価格が高額な農業用ドローンですが、国や自治体の補助金を活用すれば、実質的な負担を大幅に軽減できます。ここでは、代表的な国の補助事業である「強農化支援事業(旧:強い農業づくり総合支援事業)」を例に、どれくらいの補助が受けられるのかを解説します。
補助率と上限額の目安
農林水産省が推進する農業機械導入の補助金は、事業の種類や導入する機械のカテゴリによって補助率(1/2以内、2/3以内など)や補助上限額が異なります。農業用ドローンは「スマート農業機械」として高い補助対象となりやすい傾向にあります。
補助金適用後の実質負担額の計算例(仮定)
| 項目 | 金額(税抜き想定) |
|---|---|
| 想定機体価格(本体+基本オプション) | 800万円 |
| 補助率(仮定:1/2) | 50% |
| 補助金交付額 | 400万円 |
| ユーザーの実質負担額 | 400万円 |
※上記はあくまでイメージです。実際の補助率や対象経費は、申請する年度や事業計画によって変わります。正確な情報は農林水産省の公式発表(https://www.maff.go.jp/)をご確認いただくか、お近くの農業普及指導センターにお問い合わせください。
補助金申請で注意すべきポイント
補助金は「先に購入して後から申請」ではなく、原則として事業計画の事前承認が必要です。また、導入する機体が補助金の「対象機種」として認められているかどうかの確認も必須です。すべての農業用ドローンが補助対象になるわけではないため、購入前に販売店や行政の担当者とよく相談するようにしましょう。
クボタに限らない:他社製品と価格帯を比較する視点
クボタだけでなく、農業用ドローン市場には他にも有力なプレイヤーが存在します。例えば、世界最大手のDJI(中国)の「Agras」シリーズや、国内スタートアップのNileworks(ナイルワークス)などが代表的です。これらの製品とクボタを比較する際は、以下のポイントに注目すると良いでしょう。
- アフターサポートの体制(クボタは全国の農機店ネットワークが強み)
- 散布性能(タンク容量、散布幅、1回の飛行でカバーできる面積)
- 自動運転機能の精度(RTK-GNSS対応の有無、障害物回避機能)
- トータルコスト(本体価格+オプション+メンテナンス費用の5年合計)
まとめ:クボタ農業用ドローンの価格を正しく知るためのアクションプラン
クボタ農業用ドローンの価格は公式非公開であるため、確かな情報を得るには販売店への直接コンタクトが不可欠です。加えて、補助金を最大限に活用すれば、数百万円単位の負担軽減が期待できることもおわかりいただけたかと思います。

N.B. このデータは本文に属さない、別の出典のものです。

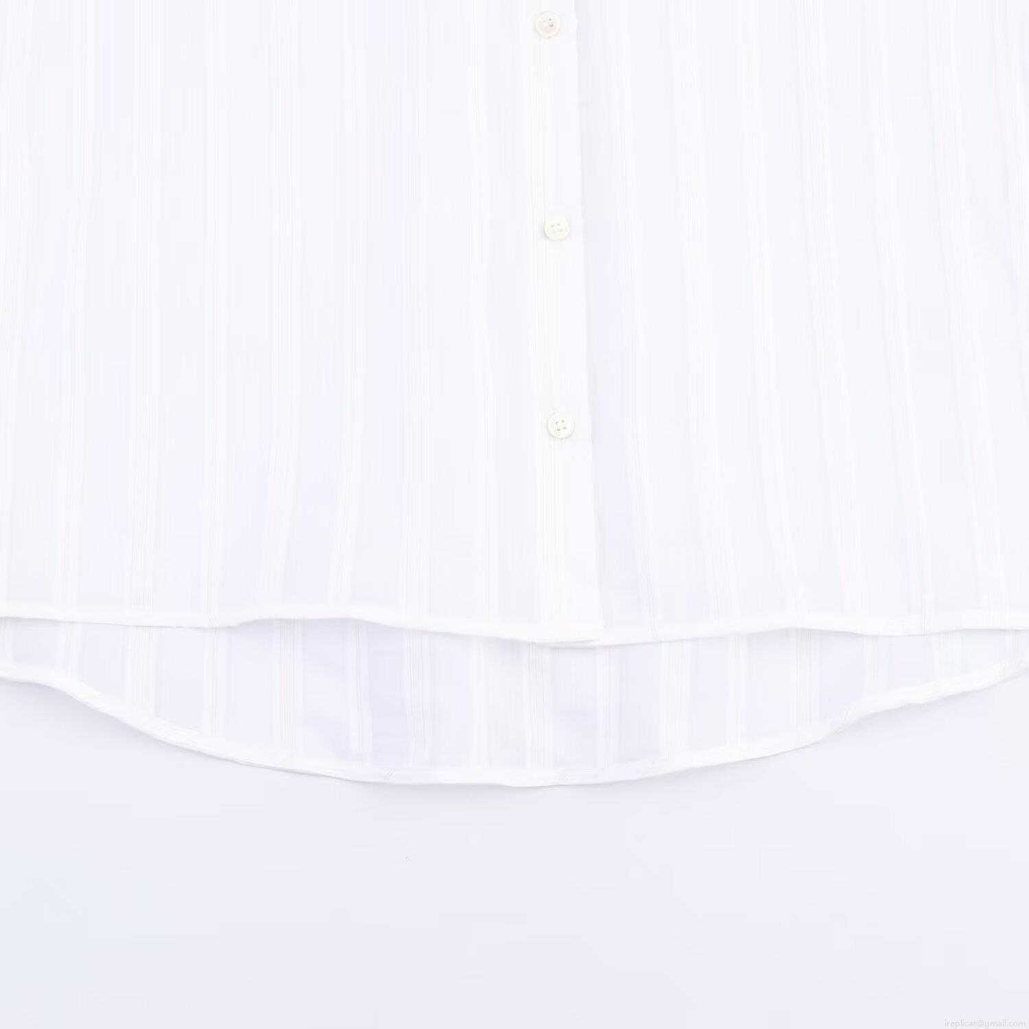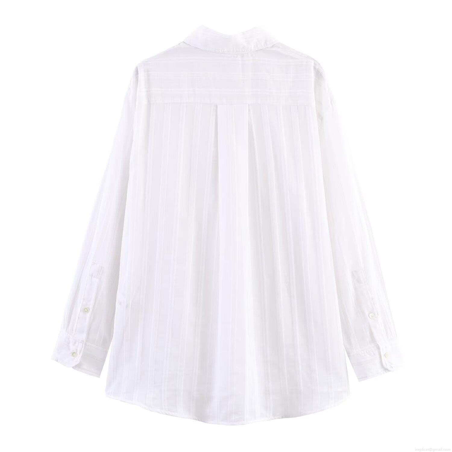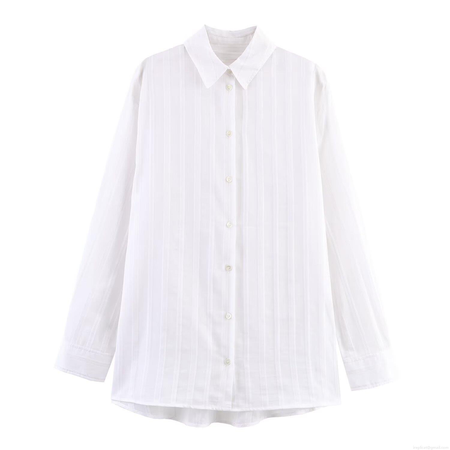 Women's Vertical Striped Long Sleeve Shirt Elegant Lapel Button Down Blouse Casual Loose Polyester Office Work Tops For Ladies White

最後に、導入をスムーズに進めるためのステップを整理しておきましょう。
- まずは無料見積もりを依頼:最寄りのクボタ販売店に連絡し、自分の圃場条件や作業内容を伝えて概算見積もりをもらう。
- 補助金の申請スケジュールを確認:年度ごとに予算が決まっているため、役所やJA(農業協同組合)に相談しながら計画を立てる。
- 実機デモや体験会に参加:可能であれば、実際に飛ばしているところを見学させてもらい、操作性や散布ムラを確認する。
- トータルコストを試算:本体価格+オプション+保険+資格+維持費の合計を5年スパンで計算し、資金計画を練る。
農業用ドローンの導入は大きな投資ですが、それに見合うだけの作業効率化や労力軽減の効果が期待できます。価格という「見えにくい部分」を、この記事が少しでもクリアにする手助けになれば幸いです。ぜひ、複数の情報源を比較しながら、あなたの経営に最適な一台を見つけてください。